"بقدر الإمكان" - Translation from Arabic to Turkish

    • Mümkün olduğu kadar
        
    • mümkün olduğunca
        
    • Mümkünse
        
    • elimden geldiğince
        
    • elinden geldiğince
        
    • olabildiğince uzağa
        
    • mümkün olan en
        
    İlk olarak o kadın başlattı. Ben Mümkün olduğu kadar kendimi savundum.
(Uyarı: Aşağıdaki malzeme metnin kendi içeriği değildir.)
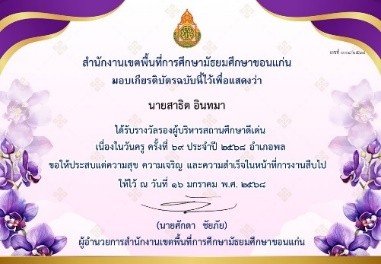 นายสาธิต อินทมา รองผู้อำนวยการโรงเรียนพล ได้รับรางวัล “ผู้บริหารสถานศึกษาดีเด่น” สังกัดสำนักงานเขตพื้นที่การศึกษามัธยมศึกษาขอนแก่น เนื่องในวันครู ครั้งที่ 69 ประจำปี |

Open Subtitles تلك المرأة بدأت ذلك أوّلا أنا فقط دافعت عن نفسي بقدر الإمكان
    Nefret ve şiddeti önlemek istiyorsanız Mümkün olduğu kadar çok sayıda insanla Mümkün olduğu kadar uzun süre konuşmamız lazım, ayrıca şeffaf bir tutum sergileyerek. TED إذا أردنا منع الكراهية والعنف، علينا التحدث مع أكبر قدر ممكن من الناس لأطول مدة ممكنة منفتحين على الناس بقدر الإمكان.
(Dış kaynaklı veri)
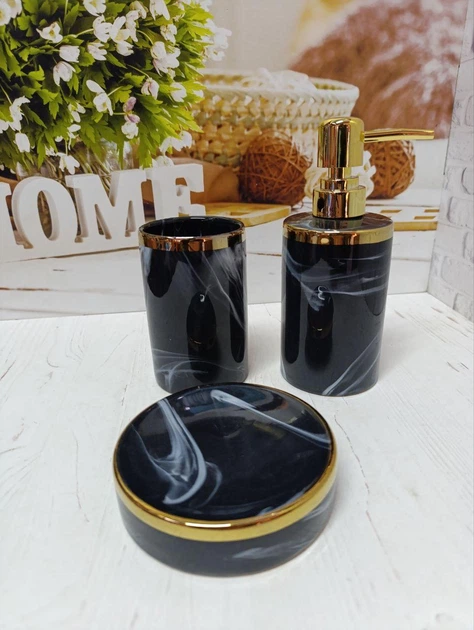 Набір керамічний для ванної кімнати 3 предмети чорний із золотом 3098

    Sanırım her şeyin mümkün olduğunca normalmiş gibi olmasını istiyordu. Open Subtitles لكنني أعتقد أنه أرادني أن أشعر أنني طبيعية بقدر الإمكان
    Eğer gizlenme teknolojisi kullanıyorlarsa, mümkün olduğunca tek parça halinde getirmelisiniz. Open Subtitles إن كانوا يستعملون تكنولوجيا التخفي فعليكم إعادتها وهي سليمة بقدر الإمكان
    Mısır polisini buna karıştırmamak isterim, eğer Mümkünse. Open Subtitles أريد تجنب تدخل الشرطة المصرية بقدر الإمكان
    Denize elimden geldiğince boş boş bakmak istiyordum. Open Subtitles أردت أن تكون تحديقتي للبحر فارغة بقدر الإمكان,
    Kaç.. elinden geldiğince buradan uzaklara git. Open Subtitles اركضي بأسرع ما يمكنكِ وابتعدي عن هنا بقدر الإمكان.
    O 3.000 doları buradan olabildiğince uzağa kaçmak için kullanacaktım. Open Subtitles كنت سأستخدم الثلاث ألاف لأبتعد بها عن هنا بقدر الإمكان
    Ve işbirliğiniz sayesinde... hepimiz savaşın getirdiği rahatsızlıkların... Mümkün olduğu kadar dışında kalabiliriz. Open Subtitles وبالتعاون الذكي سنبقى بعيداً عن الحرب بارتياح بقدر الإمكان
    Ve işbirliğiniz sayesinde... hepimiz savaşın getirdiği rahatsızlıkların... Mümkün olduğu kadar dışında kalabiliriz. Open Subtitles وبالتعاون الذكي سنبقى بعيداً عن الحرب بارتياح بقدر الإمكان
    Mümkün olduğu kadar çabuk bitirmeye çalışacağım. Open Subtitles سأحاول إحداث جروح قليلة بها بقدر الإمكان
    Küçük düşmek... ..Mümkün olduğu kadar engellemeye çalıştığımız bir şeydir. Open Subtitles .. الإذلال .. إنه شئ نحاول جميعاً أن نتجنبه بقدر الإمكان
    Ama olduğunca uzağa mümkün olduğunca canavar kaldıkları planlama Özür. Open Subtitles لكني أخطط أن أكون بعيدًا من هذا الوحش بقدر الإمكان
    Bu araçların tasarımı, istenilen kullanım biçimi, uyanık olduğunuz saatlerde dikkatinizi mümkün olduğunca çok bölmeye dayalıdır. Bu araçlar bu şekilde tasarlanmıştır. TED الهدف الحقيقي لتصميم تلك الأدوات هو أن تشتت إنتباهك بقدر الإمكان خلال ساعات اليقظة، هكذا صُممت هذه الأدوات للاستخدام.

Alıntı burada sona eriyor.